Dichelobacter nodosus has limited ability to persist in the environment, therefore quarantine of infected animals is crucial to prevent spread within a flock.

Concurrent use of a vaccine can also help to limit disease and spread within a flock.

== Antibiotic resistance ==
Oxytetracycline has been the most commonly used antimicrobial for the treatment of D. nodosus. This bacterium has also shown sensitivity to tetracyclines, macrolides, penicillin, cephalosporins, and fluoroquinolones; with recent studies advocating for the efficacy of gamithromycin as an alternative to oxytetracycline. Resistance has not yet been reported with regards to D. nodosus. The use of antimicrobials is limited due to macrolides being of importance within human medicine, and withdrawal rates can impede economic returns and therefore their choice as a treatment option. Improper use of antimicrobials can contribute to resistance, ineffective treatments, and a higher incidence of reinfection within a herd. Early identification of D. nodosus, as well as routine prevention will contribute to reduced reliance on antimicrobials, as well as less stress on emerging resistance, and economic losses.

== Prevention ==
Environmental management and treatment of infected animals is essential for preventing the spread of D. nodosus. Infected animals should be removed from the flock to a clean environment in order to be treated, as the bacterium does not survive well over 3 weeks off a host. Treatment is most effective when the infection is caught early. The bacterium persists on an untreated host as well as moist, warm environments, therefore treatment, proper drainage, ventilation, and sanitation is required to halt the life cycle Reinfection is likely if the environment is not decontaminated as animals are susceptible as soon as the antimicrobials are no longer active.

Once the environment is decontaminated, outbreaks can be prevented by ensuring replacement stock come from a verified source and are quarantined upon arrival until they test negative. New animals should be quarantined, and have their feet examined and trimmed before introduction to the general population and environment. Establishing routine foot bathes containing zinc, copper or formol on a weekly basis reduces the incidence of D. nodosus.

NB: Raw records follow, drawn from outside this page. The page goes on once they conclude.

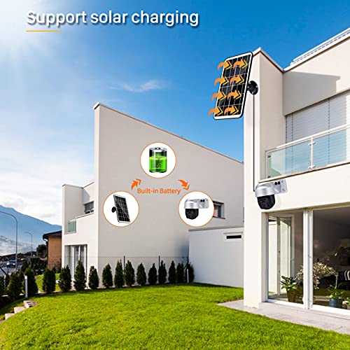 Jings Telecamera Solare Esterna, 2MP PIR Human Detect WiFi PTZ Camera Solar Power Battery Telecamera IP Telecamera di Sicurezza Wireless Audio bidirezionale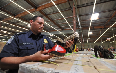 Chỉ vào hàng loạt những đôi giầy toàn một mầu đế đỏ chói, bà Lee Harty, một nhân viên khác của CBP, giải thích rằng đây là lần đầu tiên CBP thấy loại giầy có dấu hiệu vương giả này đến cảng Long Beach.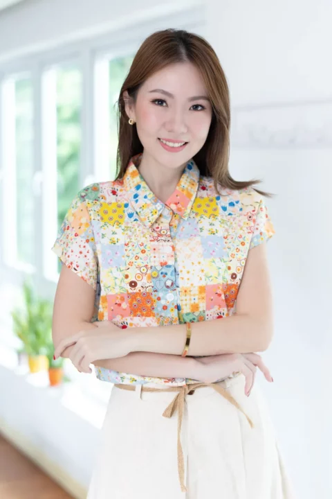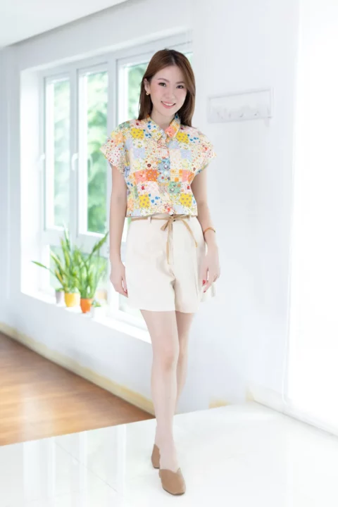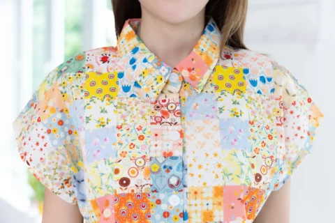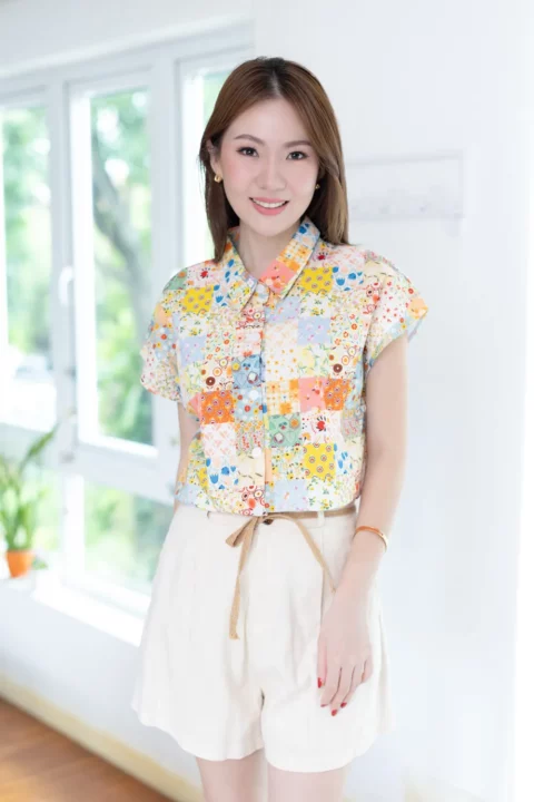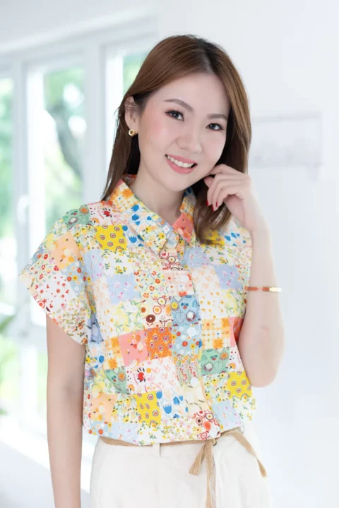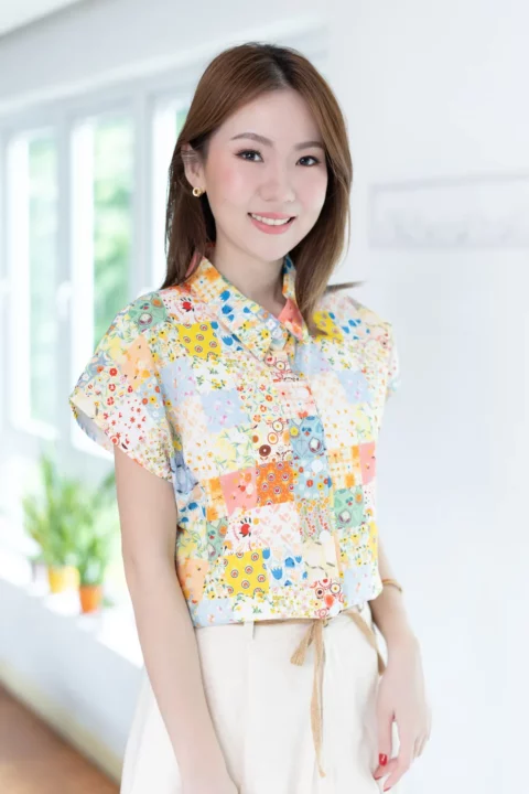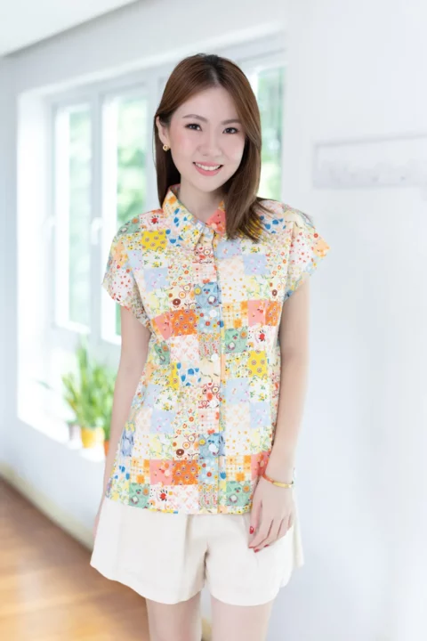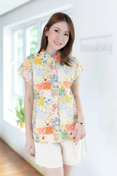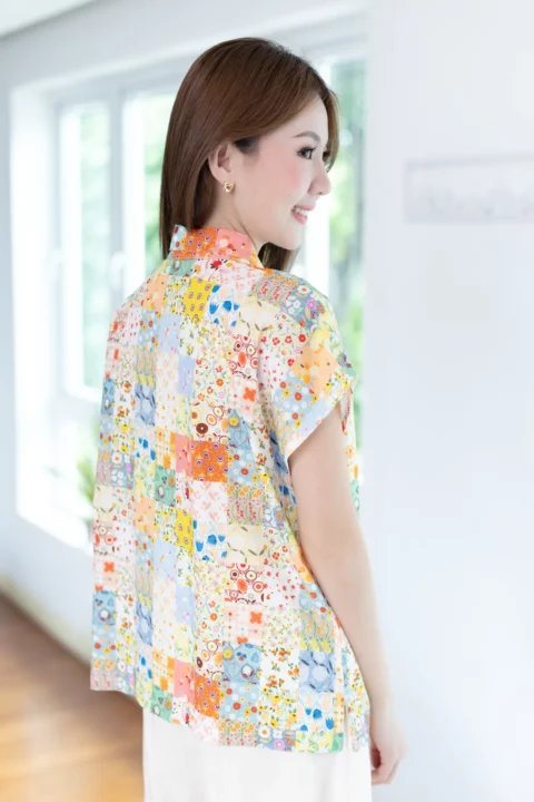 เสื้อคอปกแขนล้ำๆ ทรงสบายๆเหมาะกับวันหยุด ผ่ากระดุมหน้า ตัดเย็บด้วยคอตตอนเนื้อดีพิมพ์ลายดอกไม้ต่อกันด้วยลายเหลี่ยม ใส่ยังไงก็น่ารักอารมณ์ดี
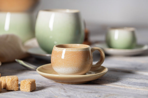 Kolorowy porcelanowy spodek pod filiżankę do kawy. Z gradientem kolorów i nieregularnymi plamkami. Każdy egzemplarz jest wyjątkowy. Można myć w zmywarce i używać w kuchence mikrofalowej.
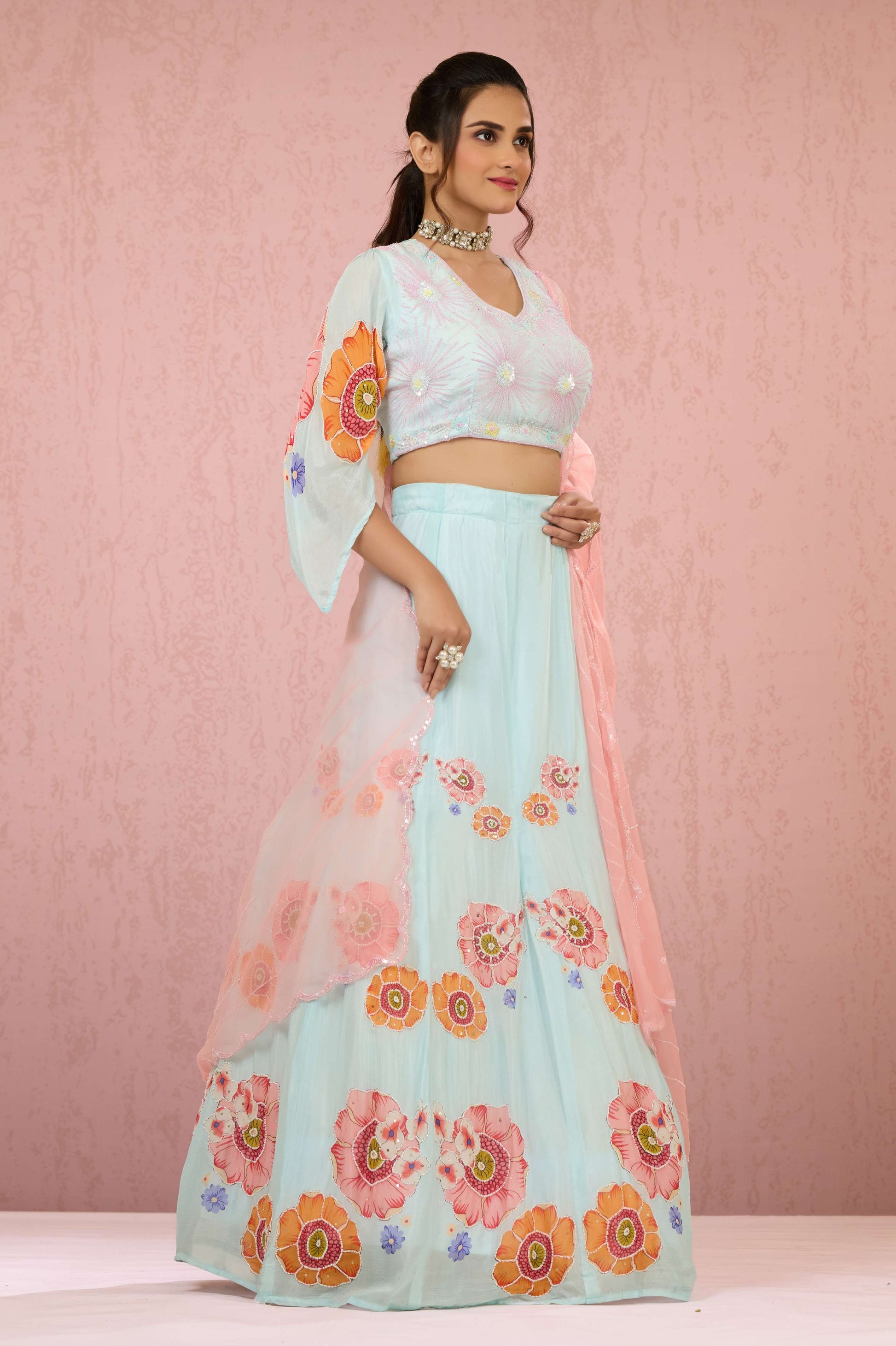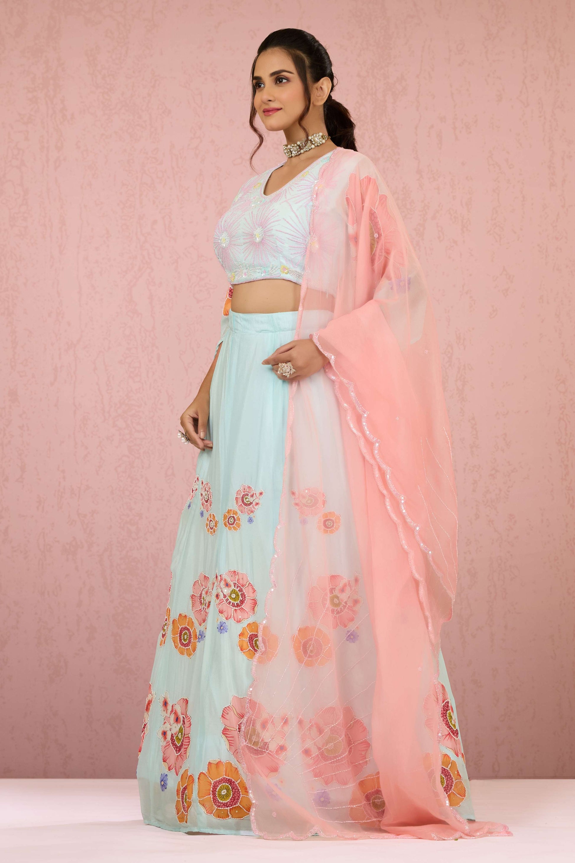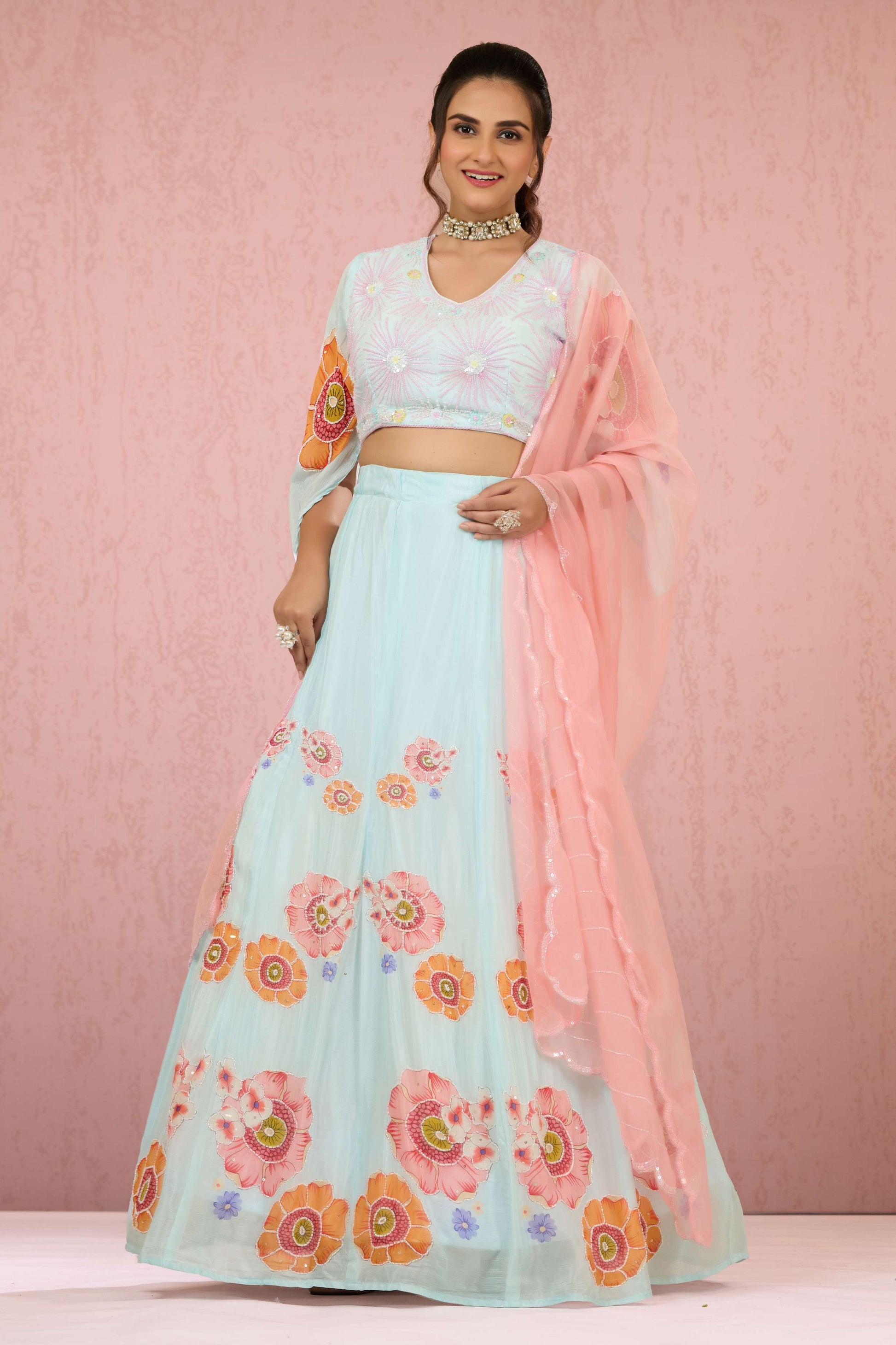 Skyblue Sequins Chinon Readymade Lehenga 1014-10073

In areas with endemic reports of the disease, a vaccine protocol is also effective in reducing incidence within a flock and concurrent use with infection will aid recovery time. Efficacy of vaccines depends on the type used as well as the strain of D. nodosus that is present on the farm, therefore should be used in conjunction with other prevention efforts.

Inherent resistance has been shown in certain breeds of sheep with altered hoof conformation, and therefore, reduced incidence can be selected for by means of selective breeding and cross-breeding.